One major unanswered question in neuroscience is how the brain transitions between conscious and unconscious states. General anesthetics offer a controllable means to study these transitions. Induction of anesthesia is commonly attributed to drug-induced global modulation of neuronal function, while emergence from anesthesia has been thought to occur passively, paralleling elimination of the anesthetic from its sites in the central nervous system (CNS). If this were true, then CNS anesthetic concentrations on induction and emergence would be indistinguishable. By generating anesthetic dose-response data in both insects and mammals, we demonstrate that the forward and reverse paths through which anesthetic-induced unconsciousness arises and dissipates are not identical.
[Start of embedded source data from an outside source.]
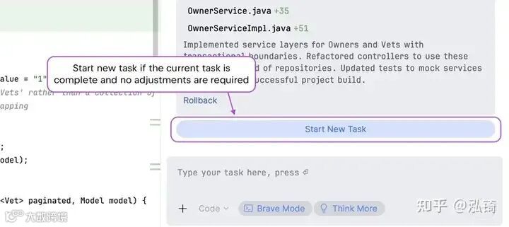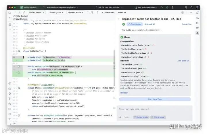 代码模式用于操作。Junie 会建议编辑、运行命令并显示差异以供您审阅。您可以掌控一切:接受好的,拒绝不好的,然后继续前进。如果您已经有计划,并且希望稳步推进,并设置检查点而不是意外情况,那么此模式最有效。
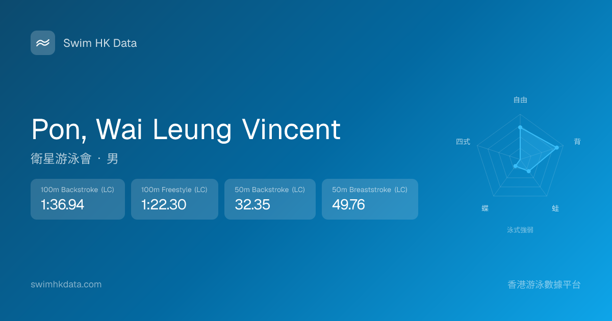 此圖表根據你所有比賽成績計算,顯示你在各泳式的相對強弱,僅供參考。繼續努力,每一次練習都會讓你更快更強!💪
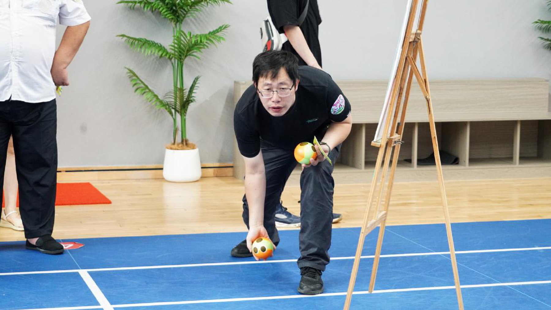 “進(jìn)擊吧西瓜”環(huán)節(jié)中,大家化身“西瓜勇士”,奮力投擲,隨著手中“西瓜球”破空而出,擊倒地面上瓶子,場(chǎng)上歡呼聲彌漫著收獲勝利的喜悅。

Instead they exhibit hysteresis that is not fully explained by pharmacokinetics as previously thought. Single gene mutations that affect sleep-wake states are shown to collapse or widen anesthetic hysteresis without obvious confounding effects on volatile anesthetic uptake, distribution, or metabolism. We propose a fundamental and biologically conserved concept of neural inertia, a tendency of the CNS to resist behavioral state transitions between conscious and unconscious states. We demonstrate that such a barrier separates wakeful and anesthetized states for multiple anesthetics in both flies and mice, and argue that it contributes to the hysteresis observed when the brain transitions between conscious and unconscious states.